Nel secondo motivo viene dedotta la violazione della L. n. 4 del 1953 per non essere stati ritenuti idonei riscontri probatori le buste paga provenienti dal datore di lavoro dalle quali emergono tutti i dati ritenuti necessari dal Tribunale (inquadramento, cessazione del rapporto e importo maturato a titolo di trattamento di fine rapporti.
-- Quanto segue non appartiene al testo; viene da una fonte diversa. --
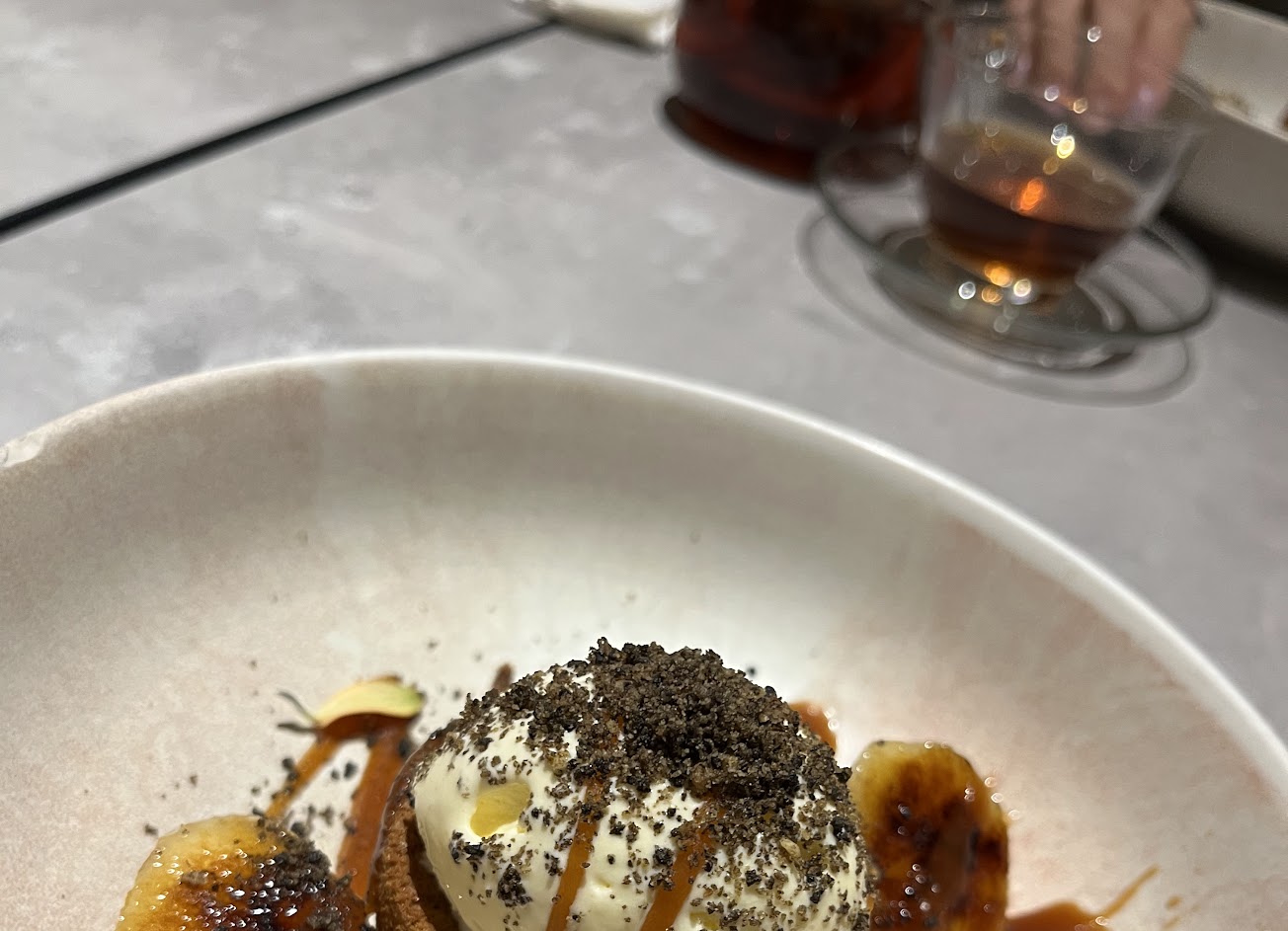 紅茶有幾分蘋果的香氣,卻對於店家選擇不加入相應的甜度覺得還不錯,畢竟甜甜的蘋果紅茶有點略顯廉價。酥皮捲我覺得可以稍微請服務員介紹上面的醬汁或是食品的冷熱度,畢竟上面醬汁應該是有一定的想法才會加入配搭,同時兩個品類的冷熱度有差異,應該會有希望客戶的用餐順序;凱薩沙拉感覺有點怪怪的,畢竟這四個字在定義上應該是有熟習的公式組成,個人覺得加入炙燒過的蔬菜已經算是還不錯的新想法,但炸雞略油對於沙拉的搭配有點怪怪的,畢竟點凱薩沙拉的時候應該會更希望得到濃郁的凱薩醬;熱前菜個人覺得伊比利豬較為出彩,辣味醬汁對於較油的肉品有很好的解膩效果,但海鮮燉飯球內的起士調味有點比重過多,希望可以有更多食材本身的味道;湯品、麵包我覺得可以選擇在發酵過程中產生更大發酵氣室的麵包,而不是店內吃起來口感較為緻密的口感的類型;主菜絕對是定價策略劣勢體現的點,因為如果更貴的價格絕對可以選用更貴的肉類,香煎菲力希望可以在牛排外殼有脆殼,雖有搭配地瓜酥,但我覺得契合度沒有很高。另外法式鑲雞裡面的起士可以選用多種起士或是在調味加入松露、胡椒等其他調味元素,這樣除了可以提升食物檔次外也能增加除了單純的起士味道,然後南瓜醬其實沒有很搭;甜點我覺得香草冰淇淋可以用兩支湯匙互相刮成柳葉狀放在盤子而非超圓形放在蛋糕體上,莓果米蘇的容器可以冰過這樣上菜後就會不在上面有露水而影響美觀程度。

In memoria viene precisato che il curatore si era regolarmente costituito nel giudizio di merito e che lo stesso non aveva contestato il contenuto delle buste paga, provenienti dal datore di lavoro ove erano elementi di prova sufficienti.

Il primo motivo è manifestamente infondato, alla luce del seguente consolidato principio:

“In tema di verificazione del passivo, il principio di non contestazione, che pure ha rilievo rispetto alla disciplina previgente quale tecnica di semplificazione della prova dei fatti dedotti, non comporta affatto l’automatica ammissione del credito allo stato passivo solo perchè non sia stato contestato dal curatore (o dai creditori eventualmente presenti in sede di verifica), competendo al giudice delegato (e al tribunale fallimentare) il potere di sollevare, in via ufficiosa, ogni sorta di eccezioni in tema di verificazione dei fatti e delle prove”. (Cass. 19734 del 2017; 12793 del 2018).
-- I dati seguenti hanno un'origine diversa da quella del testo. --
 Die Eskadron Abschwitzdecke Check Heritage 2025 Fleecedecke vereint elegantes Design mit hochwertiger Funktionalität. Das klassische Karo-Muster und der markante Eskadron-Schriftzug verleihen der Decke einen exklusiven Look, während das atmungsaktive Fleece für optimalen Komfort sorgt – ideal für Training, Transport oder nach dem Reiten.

Ne consegue che la condotta processuale del curatore costituito in sede di opposizione allo stato passivo a fronte di un credito che il giudice delegato sulla base delle sue verifiche officiose ha escluso, non può determinare, ove inerte sulla esistenza ed entità del credito, l’operatività del principio di non contestazione, dovendo il Tribunale fallimentare procedere all’esame degli elementi di prova in concreto posti a sostegno del credito azionato, secondo il regime probatorio applicabile alla peculiarità della posizione del curatore, quale terzo, nel processo.
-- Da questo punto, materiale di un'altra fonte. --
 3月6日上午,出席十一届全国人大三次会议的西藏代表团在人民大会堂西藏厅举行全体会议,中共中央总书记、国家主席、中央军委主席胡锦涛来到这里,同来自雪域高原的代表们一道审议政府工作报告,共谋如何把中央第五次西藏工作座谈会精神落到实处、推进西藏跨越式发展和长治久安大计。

Il secondo motivo è inammissibile perchè tende a sostituire all’accertamento probatorio svolto dal Tribunale una propria alternativa valutazione dell’efficacia probatoria delle buste paga prodotte, ancorchè prive del timbro e firma del datore di lavoro sulle stesse mentre, come si è rilevato nell’esaminare la censura precedente, la mancanza dei predetti supporti probatori, non è superabile attraverso l’applicazione del principio di non contestazione. Al riguardo non sono persuasive le osservazioni contenute nella memoria in relazione alla certa provenienza dal datore di lavoro delle buste paga, dal momento che, anche alla luce del più recente orientamento di questa Corte (Cass. n. 13006 del 2019, in precedenza n. 17413 del 2015; 10123 del 2017, tra le altre) è necessario che le buste paga siano corredate almeno di uno dei requisiti sopra indicati (timbro o firma del datore di lavoro L. n. 4 del 1953, ex art. 1, comma 2). Infine sulla mancanza dei predetti elementi comprovanti la certa provenienza delle buste paga stesse, vi è stato un accertamento di fatto non sindacabile in sede di giudizio di legittimità, peraltro in mancanza della puntuale produzione della medesima documentazione o della indicazione delle modalità di reperimento della stessa nel fascicolo di parte. La seconda censura è, pertanto, inammissibile.

Al rigetto del ricorso non consegue alcuna statuizione sulle spese processuali in mancanza di difese della parte intimate.

P.Q.M.

Rigetta il ricorso.

Sussistono i presupposti processuali per il versamento, se dovuto, dell’importo di cui al D.P.R. n. 115 del 2002, art. 13, comma 1 quater, ove dovuto.

Così deciso in Roma, nella Camera di consiglio, il 13 settembre 2019.